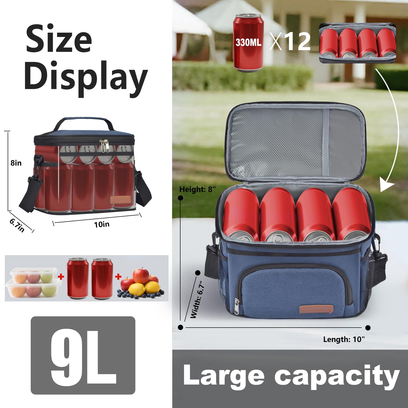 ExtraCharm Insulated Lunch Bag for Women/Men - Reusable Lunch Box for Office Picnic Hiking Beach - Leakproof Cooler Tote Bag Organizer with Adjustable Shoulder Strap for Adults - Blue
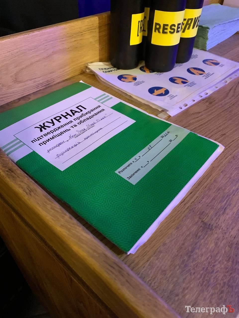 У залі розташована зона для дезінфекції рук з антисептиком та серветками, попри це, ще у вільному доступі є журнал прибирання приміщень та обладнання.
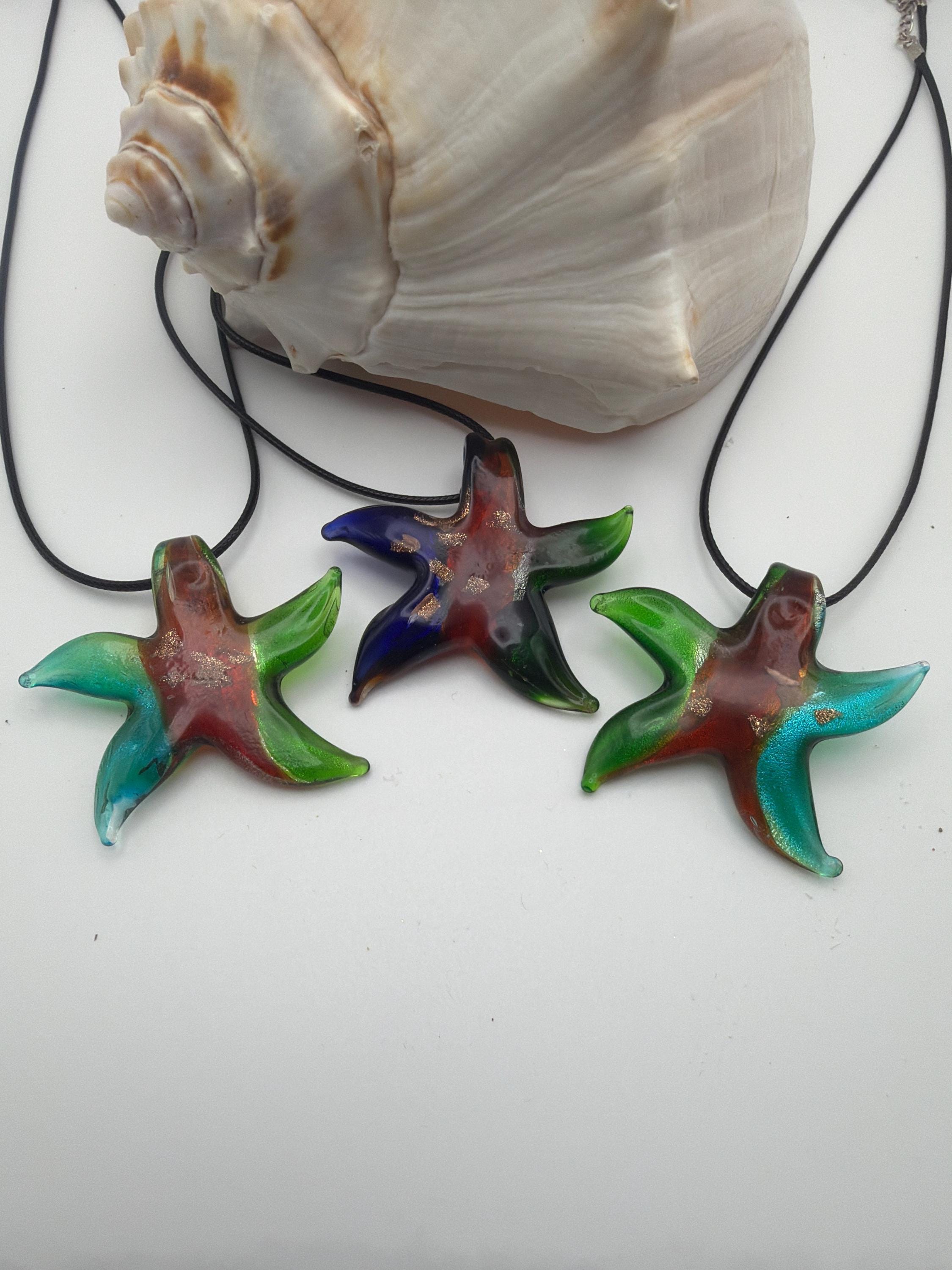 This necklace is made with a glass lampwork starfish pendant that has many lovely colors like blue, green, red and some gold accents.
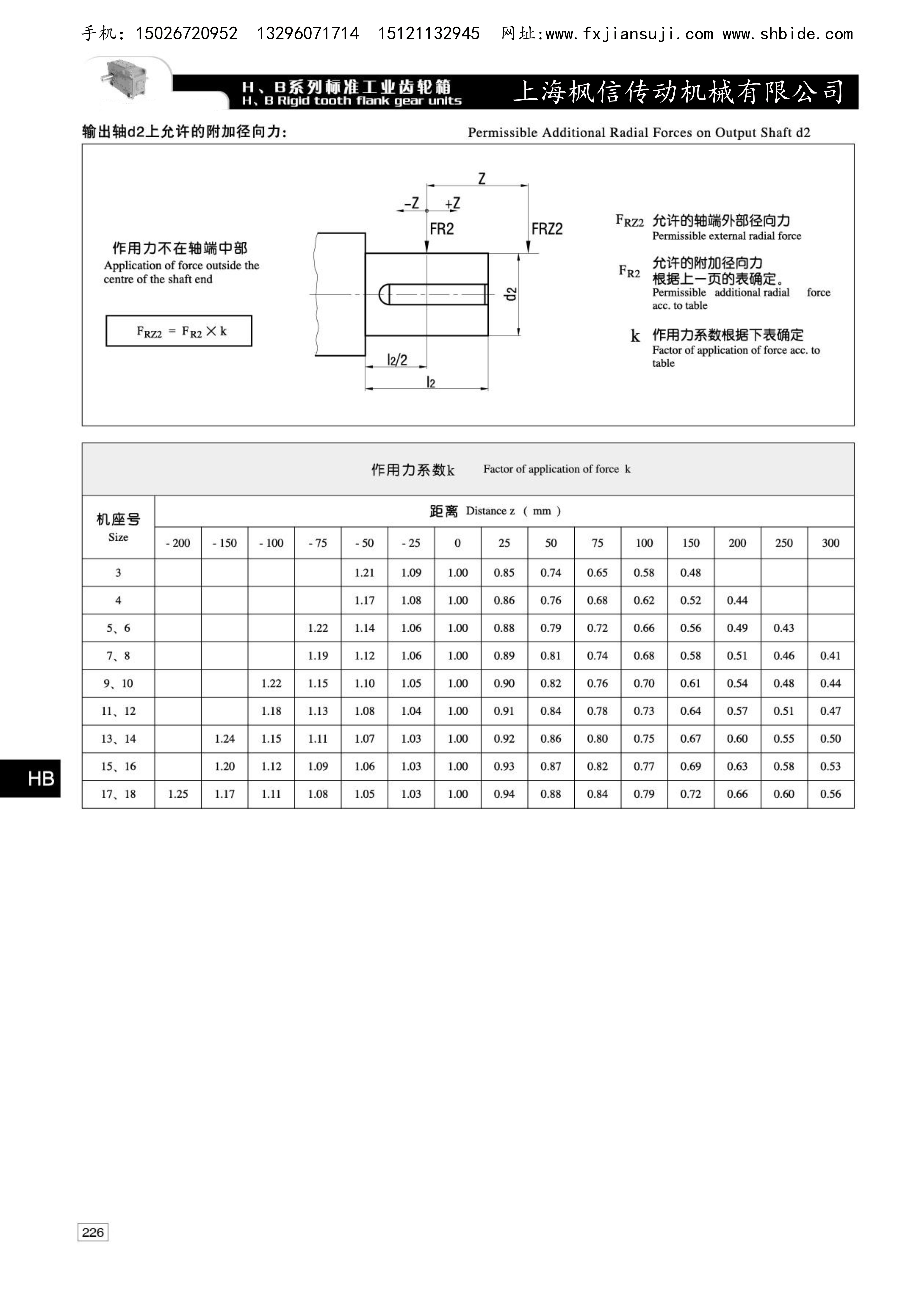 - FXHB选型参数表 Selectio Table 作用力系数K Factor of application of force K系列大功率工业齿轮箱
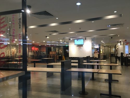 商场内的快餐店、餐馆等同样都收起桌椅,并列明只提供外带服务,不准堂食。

===

WHAT IS BEING ASKED:
Give again, word for word, the lines from the one containing "У залі розташована" through the last line of the entries, with pictures omitted and nothing added.

EXPECTED OUTPUT:
 У залі розташована зона для дезінфекції рук з антисептиком та серветками, попри це, ще у вільному доступі є журнал прибирання приміщень та обладнання.
 This necklace is made with a glass lampwork starfish pendant that has many lovely colors like blue, green, red and some gold accents.
 - FXHB选型参数表 Selectio Table 作用力系数K Factor of application of force K系列大功率工业齿轮箱
 商场内的快餐店、餐馆等同样都收起桌椅,并列明只提供外带服务,不准堂食。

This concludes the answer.